Activity:
Transcribe each entry exactly; skip the images.
[[ Data to examine, beginning ]]
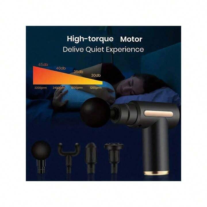 Relieve your body’s stress and muscle tension with this high-performance Massage Gun. With 6 adjustable speed levels, 4 interchangeable massage heads, and a powerful yet quiet motor, it’s perfect for athletes, fitness enthusiasts, or anyone seeking daily relaxation.
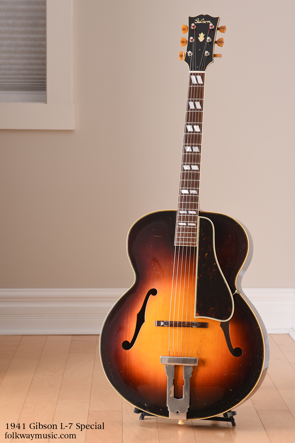 Shipped from Kalamazoo to John J. Billek, a Gibson Teacher-Agent in Scranton, Pennsylvania on May 26th 1941, this late Pre-War Gibson L-7 was special ordered with an L-5 style tailpiece in nickel with Varitone angle adjuster, and a set of matching Kluson Sealfast tuners with Catalin buttons. Like other 1941 Gibsons, this L-7 features bold top and back purflings and the fat pearl script-logo that is particular to the late pre-war and wartime era.
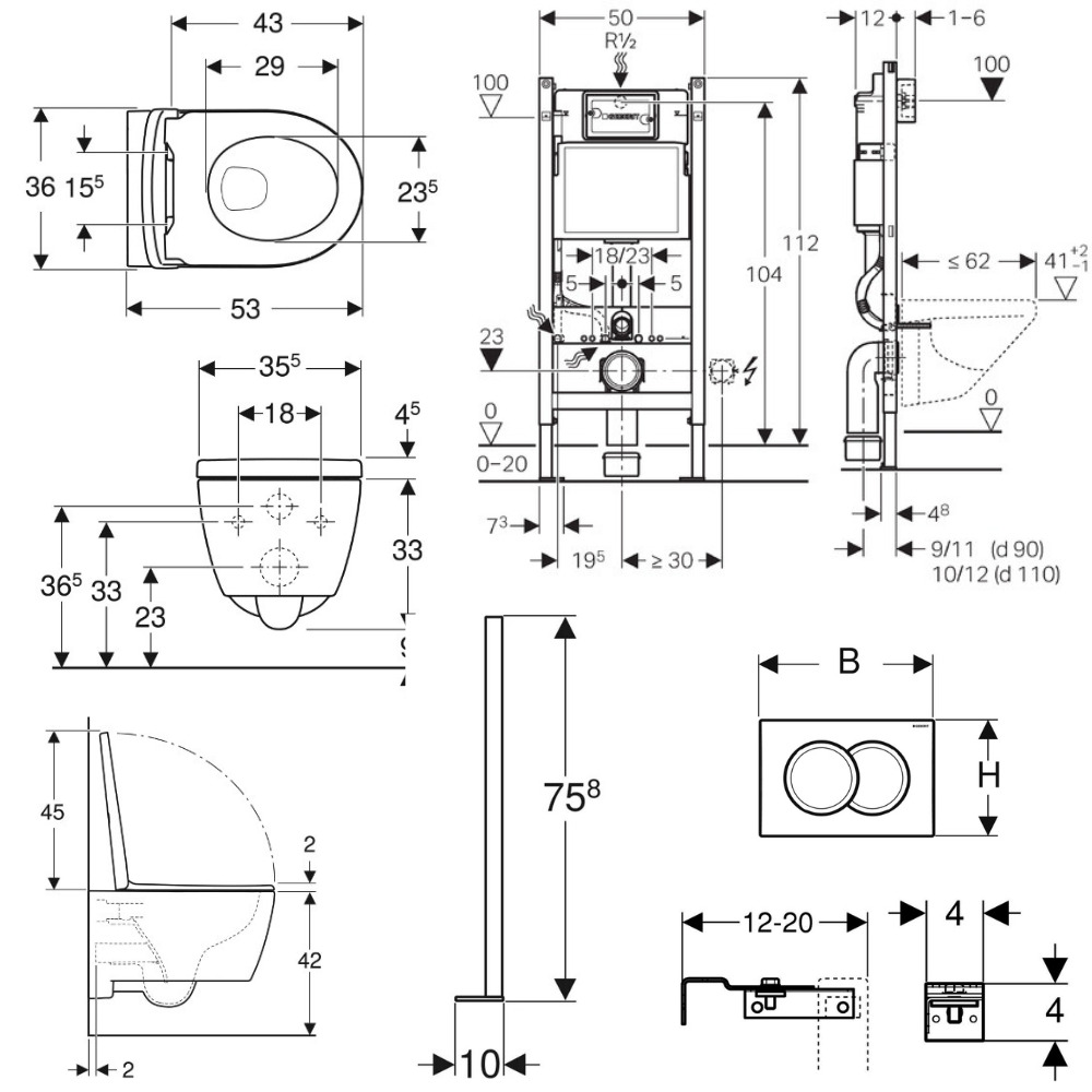 Caractéristiques du Pack Autoportant Bâti-support Duofix + WC sans bride Geberit iCon + Abattant softclose + Jeu de pieds autoportants pour bâti-support Geberit Duofix + Plaque blanche (iConGebX) :
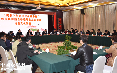 姓氏文化講座現(xiàn)場。周口市姓氏文化研究會會長李軍法向兩岸媒體記者講解中原姓氏文化的起源、發(fā)展及現(xiàn)狀。(圖片來源:周口市臺辦)
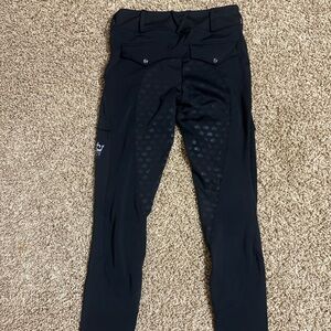 Stylish black riding pants with subtle detailing. Perfect for equestrian activities.
[[ Data to examine, end ]]
Your solution:
 Relieve your body’s stress and muscle tension with this high-performance Massage Gun. With 6 adjustable speed levels, 4 interchangeable massage heads, and a powerful yet quiet motor, it’s perfect for athletes, fitness enthusiasts, or anyone seeking daily relaxation.
 Shipped from Kalamazoo to John J. Billek, a Gibson Teacher-Agent in Scranton, Pennsylvania on May 26th 1941, this late Pre-War Gibson L-7 was special ordered with an L-5 style tailpiece in nickel with Varitone angle adjuster, and a set of matching Kluson Sealfast tuners with Catalin buttons. Like other 1941 Gibsons, this L-7 features bold top and back purflings and the fat pearl script-logo that is particular to the late pre-war and wartime era.
 Caractéristiques du Pack Autoportant Bâti-support Duofix + WC sans bride Geberit iCon + Abattant softclose + Jeu de pieds autoportants pour bâti-support Geberit Duofix + Plaque blanche (iConGebX) :
 姓氏文化講座現(xiàn)場。周口市姓氏文化研究會會長李軍法向兩岸媒體記者講解中原姓氏文化的起源、發(fā)展及現(xiàn)狀。(圖片來源:周口市臺辦)
 Stylish black riding pants with subtle detailing. Perfect for equestrian activities.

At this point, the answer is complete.